Shadowbridge CoverThese meditations are prompted by my recent reading of Gregory Frost’s Shadowbridge, the first of a pair of novels positing a world of huge, perhaps endless bridges, one linking to another over a giant sea, with only occasional bits of solid land below. Most of the humans and humanoids live on one span or another and know of other spans only by rumor and legend. Underclasses, barely acknowledged, scrape out a squalid existence in the infrastructure beneath the bridges. Though the spans must have been built by great engineers, their origin is shrouded in creation myths. Social customs and government vary chaotically from span to span. Enigmatic threats abound.

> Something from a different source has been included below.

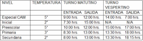 Para proteger la salud de los niños, niñas, adolescentes y docentes de nivel básico del Estado de Coahuila, se informa que a partir de la fecha y hasta nuevo aviso se ajustan los horarios de entrada y salida en las escuelas públicas en atención presencial de educación básica, como a continuación se describen:

So far, without having read the sequel, Lord Tophet, I can’t say I’m captivated by the characters, who seem strongly bound to archetypes. For my taste, too, the tale dips overmuch into the fantasy side of the genre, with multiple kinds of magic, talking snakes, a malevolent elf, a trickster fox, and an ambient medievalism.

But the image of this bridge-world haunts me, a fascinating nightmare. The cover art doesn’t begin to capture the vivid picture the author conveys. Here’s a description of one of the underworlds:

He lived neither on an island nor on land, nor even upon the water, but within the frame of a span itself. Chiseled supports and struts formed the foundation of the span, beams and cross-ties created an intricate latticework of layers between them. … Few houses beneath the bridge had roofs because there were no elements to protect anyone from—save the prying eyes of those situated above. The thick stalactitic surface of the span provided all necessary protection, and just acquiring the materials to erect walls was hard enough. In most cases divers, who lived on the lower levels, brought up the stone from the sea bottom, especially from around the piers, where the rocky ocean floor had been crushed and heaped as far down as anyone could see. It cost money to pay the divers, and more to have the stones hauled up on ropes and pulleys from layer to layer through the underspan hierarchy. Everyone knew that a stone was going to disappear here and another there as the pile of rock ascended, and if you were lucky and the pullers not too greedy, perhaps half of the original pile made the journey. It was the way of the underspan and no use railing at its unfairness; it had been thus for centuries and would be thus for centuries more. What it meant, however, was that walls were not built very high, but more like boundary markers than sides of a house. Most were not even as tall as the inhabitants themselves. … Privacy was at best an untested notion.

On Halloween night, with ghouls and witches outside, this is scarier, and truer. Gotta try not to dream about it.